В этот критический момент после столь быстрой победы растерянность испытывает не один Фарель; в других кантонах Швейцарии и в Германии стоят в нерешительности вожди Реформации, не имеющие единого мнения об исторической задаче, которую им предстоит решить. Первоначально Лютер и Цвингли хотели простого очищения существующей церкви, возврата веры от авторитета папы и церковного собора к позабытому евангелическому учению.
Вначале Реформация означала для них — в прямом смысле этого слова — реформирование, то есть улучшение, очищение, возврат к старому. Но так как католическая церковь упрямо отстаивала свои позиции, не пошла ни на какие уступки, задача реформаторов изменилась, они решили реализовать требуемую ими религию не внутри существующей католической церкви, а вне ее; и так как вместо разрушения возникла необходимость строить, не готовые к этому вожди Реформации пошли разными путями.

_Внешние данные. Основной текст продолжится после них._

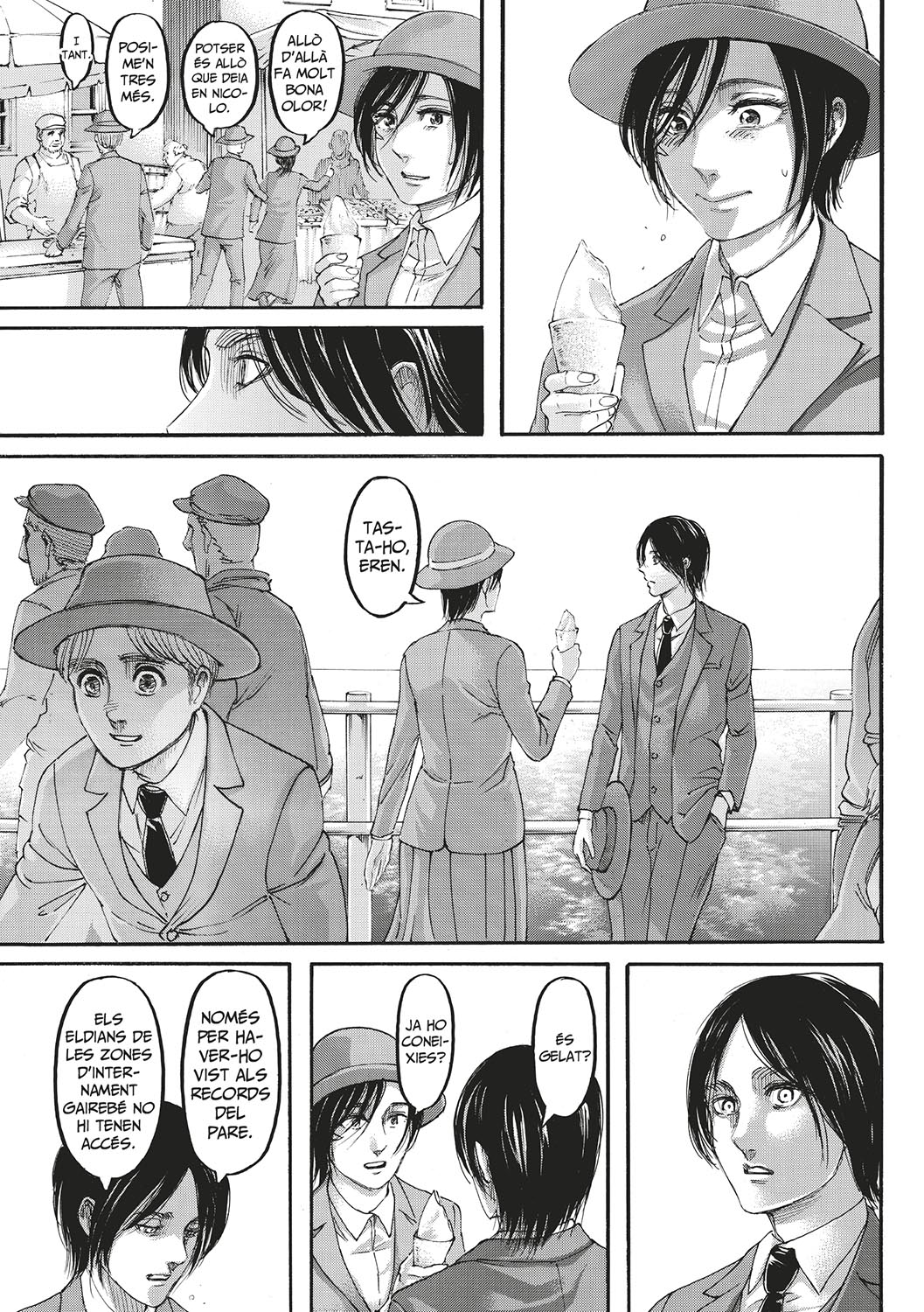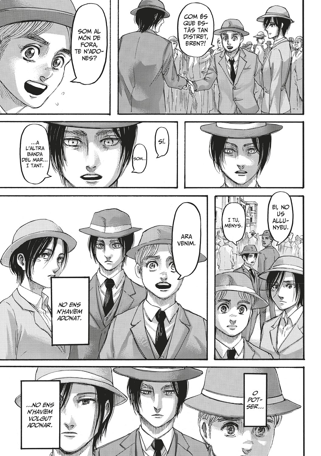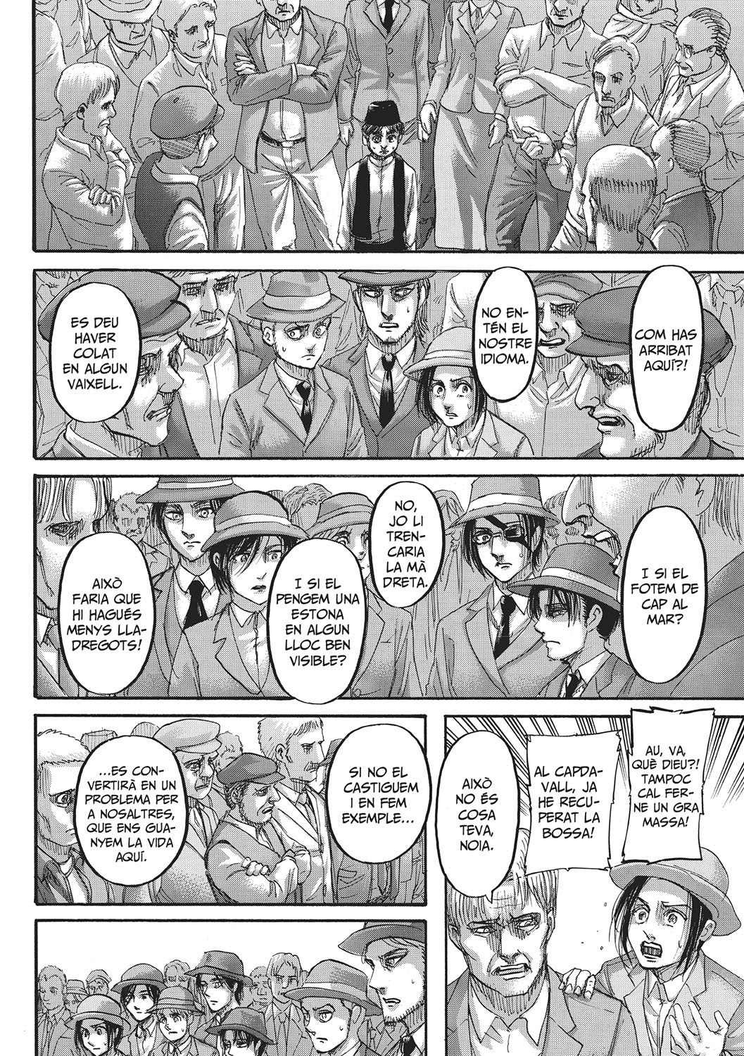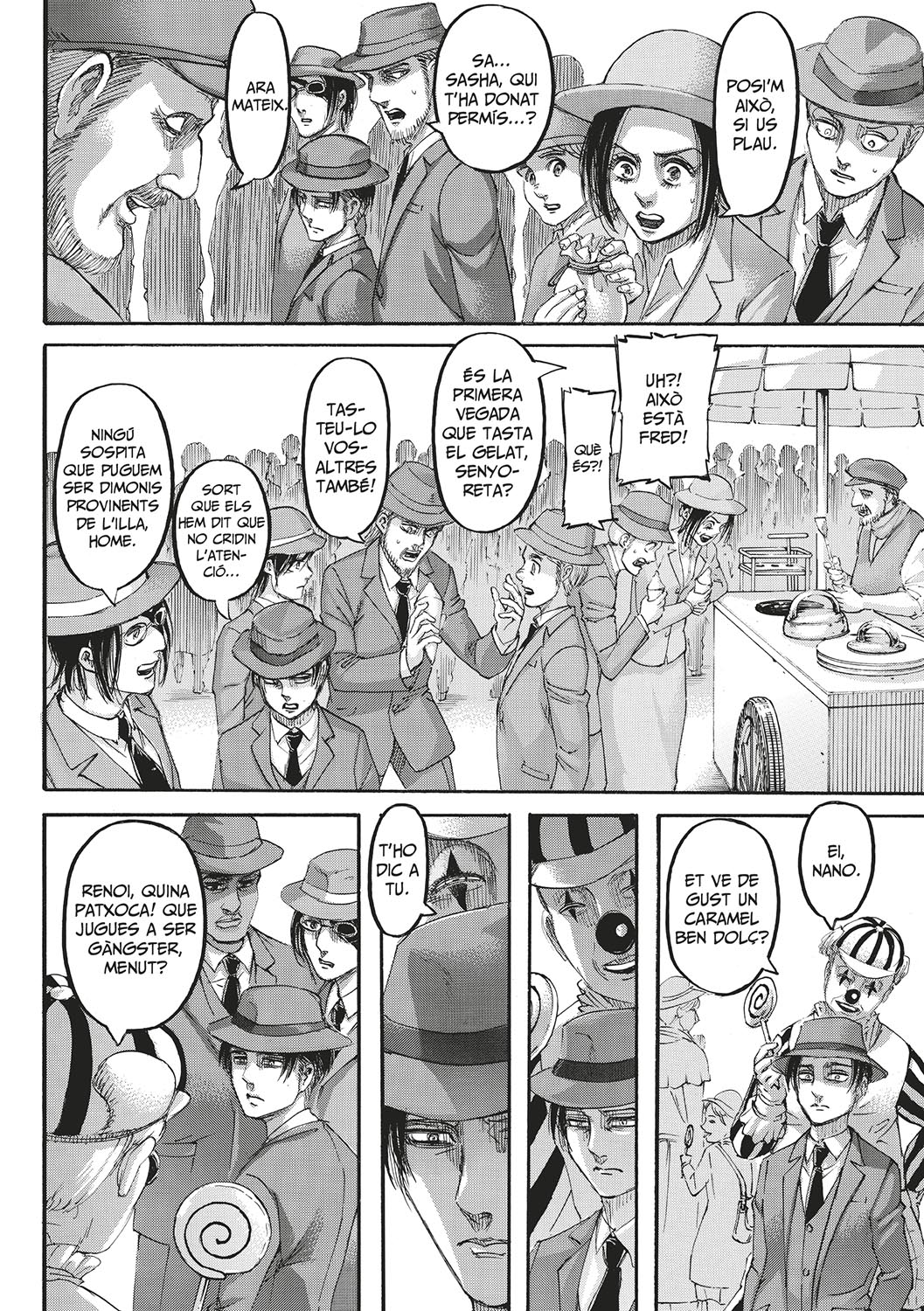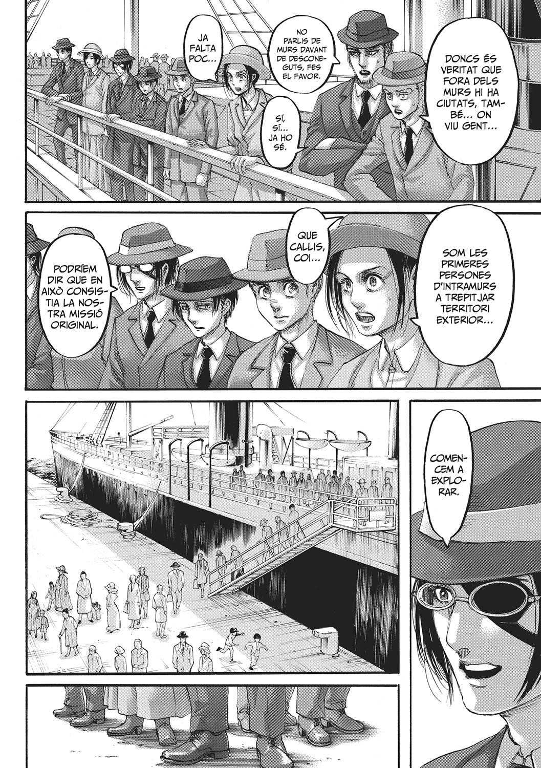 L’Eren i el cos d’Exploració viatgen a Marley, el món de fora, i aviat descobreixen que els eldians són discriminats. Aquest fet reforça la intenció de l’Eren d’activar el Retrò, la qual cosa comporta que milions de vides innocents siguin erradicades, amb la intenció de protegir els habitants de l’illa Paradis. Per part seva, els vells aliats comencen a considerar si el preu per aconseguir la tan anhelada llibertat val la pena…

Само собой разумеется, ничего не было бы логичнее, если бы религиозные революционеры Лютер, Цвингли и другие богословы Реформации, тесно сплотившись, создали бы единую форму веры, единую практику новой церкви; но можно ли от Истории когда-либо ожидать логики и естественности? Вместо единой протестантской церкви всюду возникает множество; Виттенберг не желает принять Божье учение Цюриха, а Женева не принимает воззрения на Евангелия, выработанные Берном; каждый город хочет иметь свою Реформацию, Реформацию на свой, цюрихский, бернский, женевский манер; на примере религиозных распрей кантонов мы видим в уменьшенном масштабе кризис националистической спеси европейских государств.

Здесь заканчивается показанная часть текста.